++++ EXERCISE INPUTS ++++
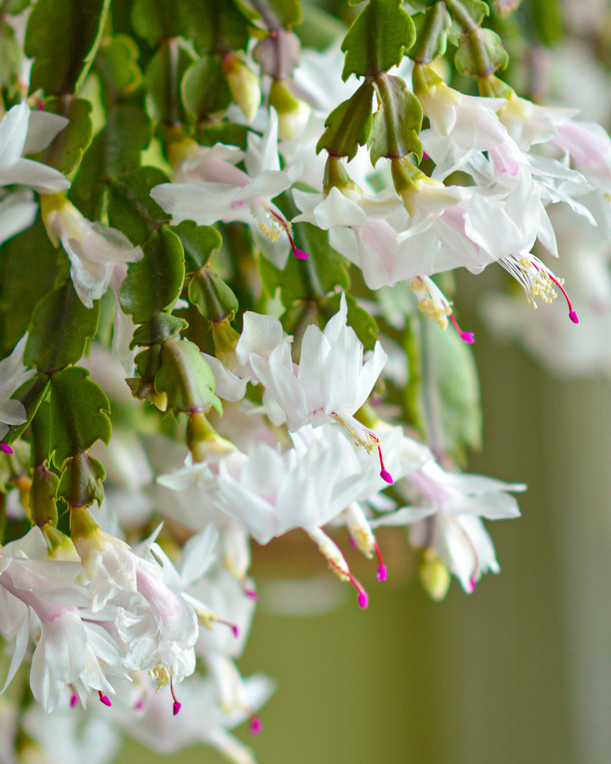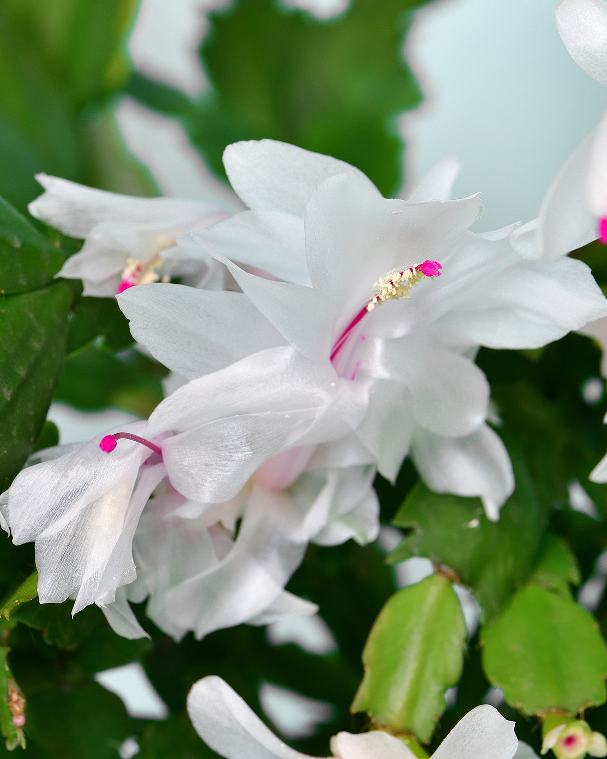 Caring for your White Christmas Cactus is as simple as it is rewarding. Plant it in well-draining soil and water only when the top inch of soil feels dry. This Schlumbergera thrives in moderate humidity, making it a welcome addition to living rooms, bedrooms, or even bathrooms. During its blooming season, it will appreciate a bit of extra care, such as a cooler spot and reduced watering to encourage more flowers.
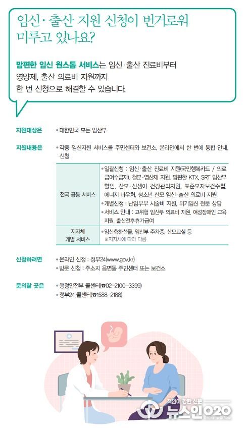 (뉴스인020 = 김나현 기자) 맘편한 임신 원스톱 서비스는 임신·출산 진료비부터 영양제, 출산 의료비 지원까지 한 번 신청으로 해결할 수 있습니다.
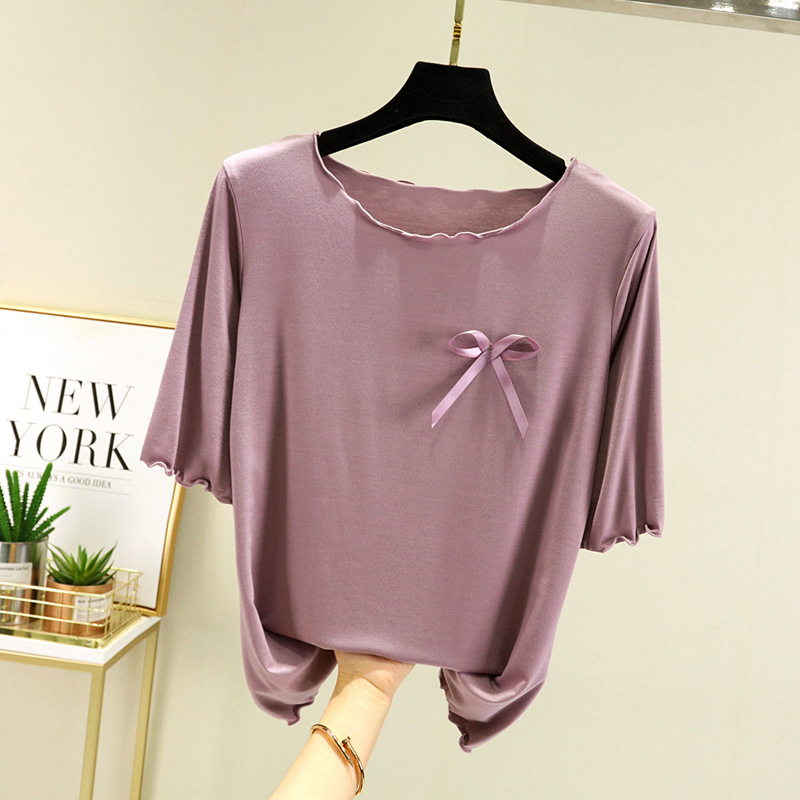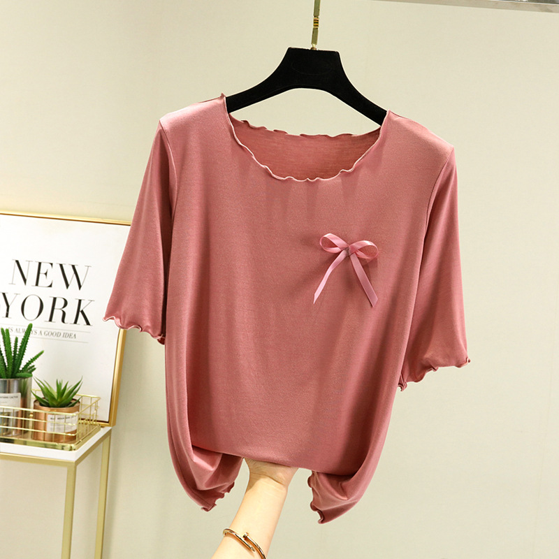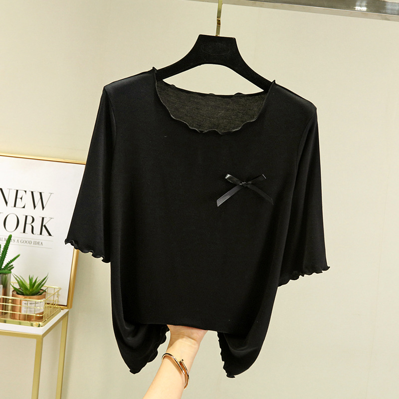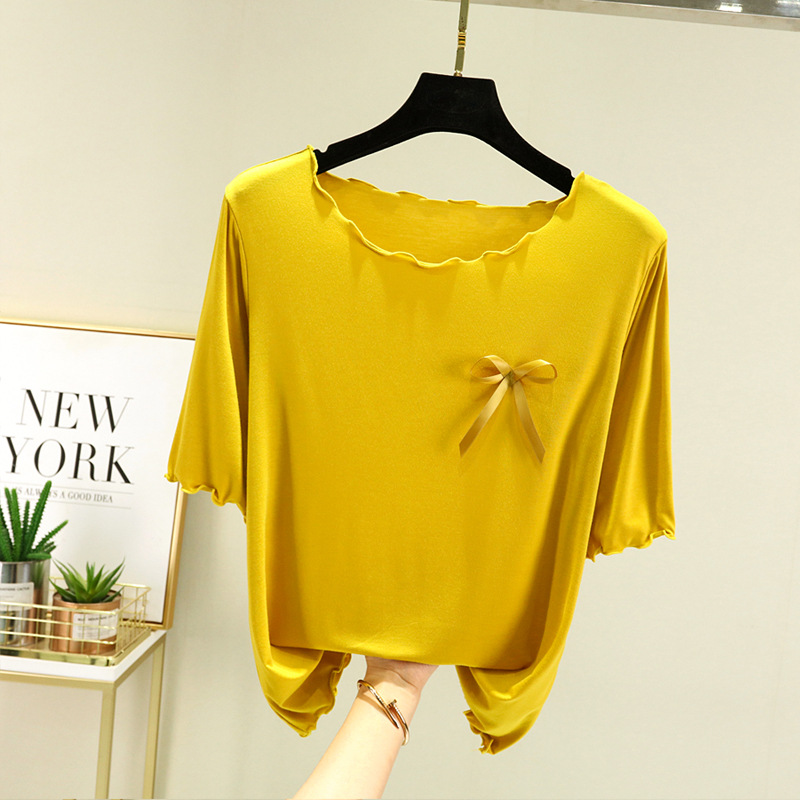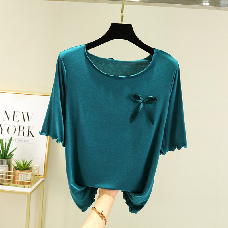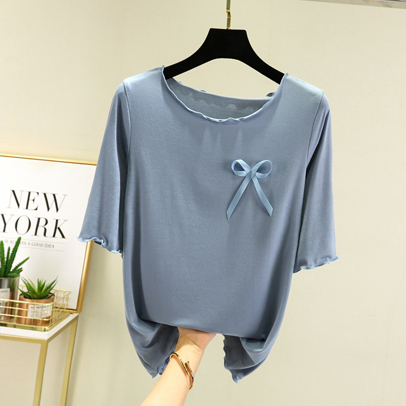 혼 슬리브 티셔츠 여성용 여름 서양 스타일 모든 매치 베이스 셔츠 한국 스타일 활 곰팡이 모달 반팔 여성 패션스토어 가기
++++
++++ EXERCISE INPUTS ++++
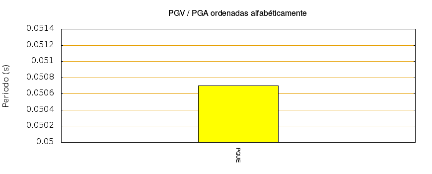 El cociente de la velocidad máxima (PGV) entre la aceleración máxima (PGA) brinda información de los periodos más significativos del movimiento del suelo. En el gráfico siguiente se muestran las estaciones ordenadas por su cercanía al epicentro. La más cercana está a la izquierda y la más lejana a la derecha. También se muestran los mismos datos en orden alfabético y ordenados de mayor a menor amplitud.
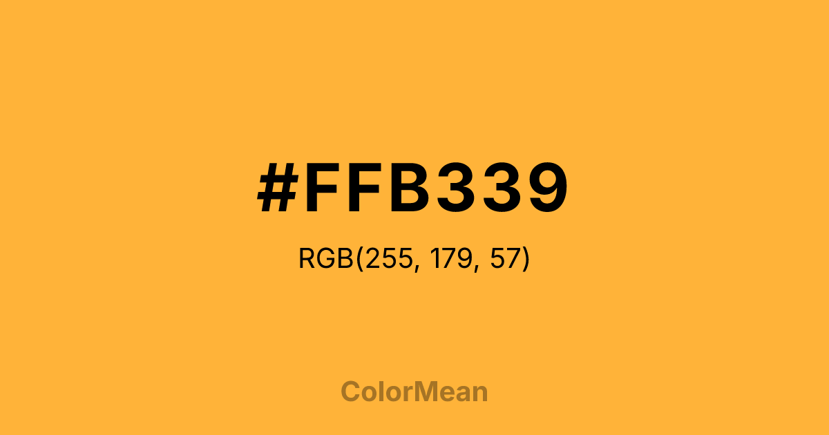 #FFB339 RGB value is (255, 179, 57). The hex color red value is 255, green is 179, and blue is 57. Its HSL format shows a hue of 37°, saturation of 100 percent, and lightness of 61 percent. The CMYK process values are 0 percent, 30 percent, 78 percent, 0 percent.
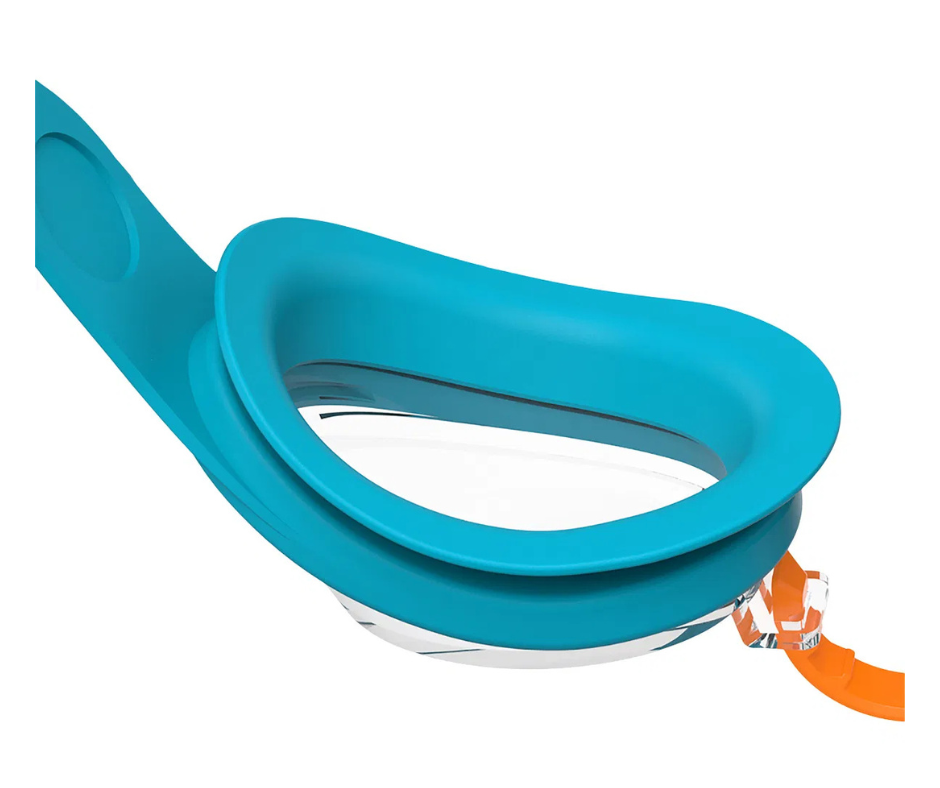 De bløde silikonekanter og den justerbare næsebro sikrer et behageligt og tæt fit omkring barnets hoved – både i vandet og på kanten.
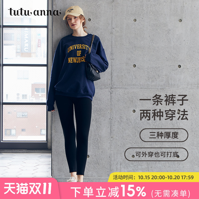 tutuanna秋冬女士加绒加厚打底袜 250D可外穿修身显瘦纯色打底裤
++++
| WORK TO BE COMPLETED |
Look back at the data above, then output exactly the lines from the line holding "El cociente de" up to and including the line holding "tutuanna秋冬女士加绒加厚打底袜 250D可外穿修身显瘦纯色打底裤". Leave out the pictures.

| WRITTEN ANSWER |
 El cociente de la velocidad máxima (PGV) entre la aceleración máxima (PGA) brinda información de los periodos más significativos del movimiento del suelo. En el gráfico siguiente se muestran las estaciones ordenadas por su cercanía al epicentro. La más cercana está a la izquierda y la más lejana a la derecha. También se muestran los mismos datos en orden alfabético y ordenados de mayor a menor amplitud.
 #FFB339 RGB value is (255, 179, 57). The hex color red value is 255, green is 179, and blue is 57. Its HSL format shows a hue of 37°, saturation of 100 percent, and lightness of 61 percent. The CMYK process values are 0 percent, 30 percent, 78 percent, 0 percent.
 De bløde silikonekanter og den justerbare næsebro sikrer et behageligt og tæt fit omkring barnets hoved – både i vandet og på kanten.
 tutuanna秋冬女士加绒加厚打底袜 250D可外穿修身显瘦纯色打底裤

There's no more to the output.